ビジネススクールで教えているファミリービジネス経営論(8

 

 (8)ケーススタディの検討

  

 既にお気づきの方も多いと思いますが、前回紹介したケースストーリーは、映画「ゴッドファーザー」(注6)の登場人物のキャラクターやプロットを、一般の企業に置き換えて述べてみたものです。

 ファミリービジネスというと、どうしても、ファミリーのビジネス、すなわち、映画「ゴッドファーザー」で描かれているマフィアというファミリーとそのビジネスを連想してしまいます。そして、そこで描かれているストーリーは、まさにファミリービジネスのありかた、特にその継承のありかたを物語っています。

 

 さて、あなた、つまり、ジェンコ商会のCEOは、次のリーダーとして誰を意中の候補者とすればよいのでしょうか。

 きっと多くの方が、長男ソニーと答えるでしょう。ソニー自身もそのつもりで、これまで生きてきたことでしょう。

 本書「ビジネススクールで教えているファミリービジネス経営論」を読まれた方であれば、若い頃からずっとあなたの下でビジネスを学びつつ、実際の仕事もこなしているだけでよいのか、と疑問をもたれるのではないでしょうか。

  長男ソニーを一度でも外部に出すことで、事業や組織の運営について、またリーダーシップや意思決定について学ぶ機会を持たせるほうがいいのではないか、と考えることができます。同じことを教えられるにしても、父親であるあなたから叱責として言われるのと、他社で他人の経営者やマネージャーに指導されるのでは、受け止め方も大きく違います。

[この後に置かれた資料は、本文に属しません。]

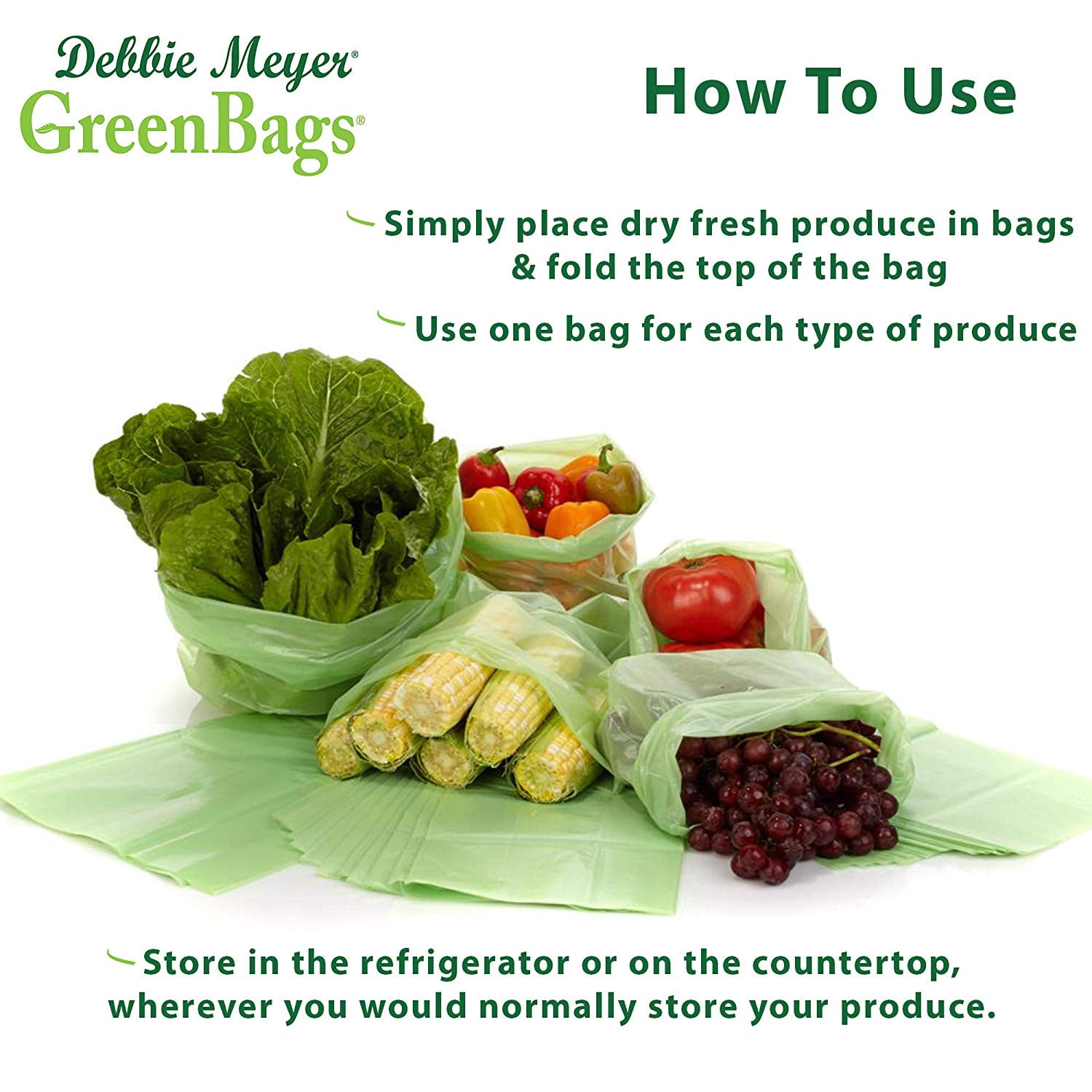 Debbie Meyer Green Bags™ - Bed Bath & Beyond With Debbie Meyer's green bags, you waste less produce which in turn saves you money. Green bags keep produce fresh approximately 30 days and reduce vitamin loss by 50% by preventing excess moisture. As Seen On TV Set includes 8 medium bags 8 Large bags 4 extra large bags Each bag can be reused up to 10 times skuId: 14948821 features Construction

  よくあるのは、後継者(多くは長男)を自社においておき、通常の営業活動をやらせるなどして、一見、実績が挙がったから昇進させたという形をとることです。実際、そうした例がいかに多いことか、筆者が見聞きしてきた限りでも、実例にこと欠きません。

  自社内で実績を挙げさせるのであれば、会社のネームバリューやブランド力を活用して行う通常の営業ではなく、誰がやっても難しい経営課題に挑戦させるべきでしょう。そうでない限り、実績で昇進させたとは一般の社員やファミリー以外の役員は心の底から認めることは決してありません。こうした実例のある会社では、「うちはジュニア(長男ソニーの立場)の取り巻きでないと出世できない」などということが日常的に社員同士や取引先との雑談などで語られています。

  ちなみに、誰がやっても難しい経営課題というのは、たとえば、自社にとって未知の技術分野や未開拓市場において、新しい技術・製品・サービス・顧客などを開拓するとか、自社の業績が厳しい時にリストラの陣頭指揮を執って事業を立て直すといったことです。いきなり、インドやアフリカで支店を開設するとか実店舗だけで商売をしてきた会社がECに取り組んで3年以内にECの売上を現在の売上よりも多くするといった課題です。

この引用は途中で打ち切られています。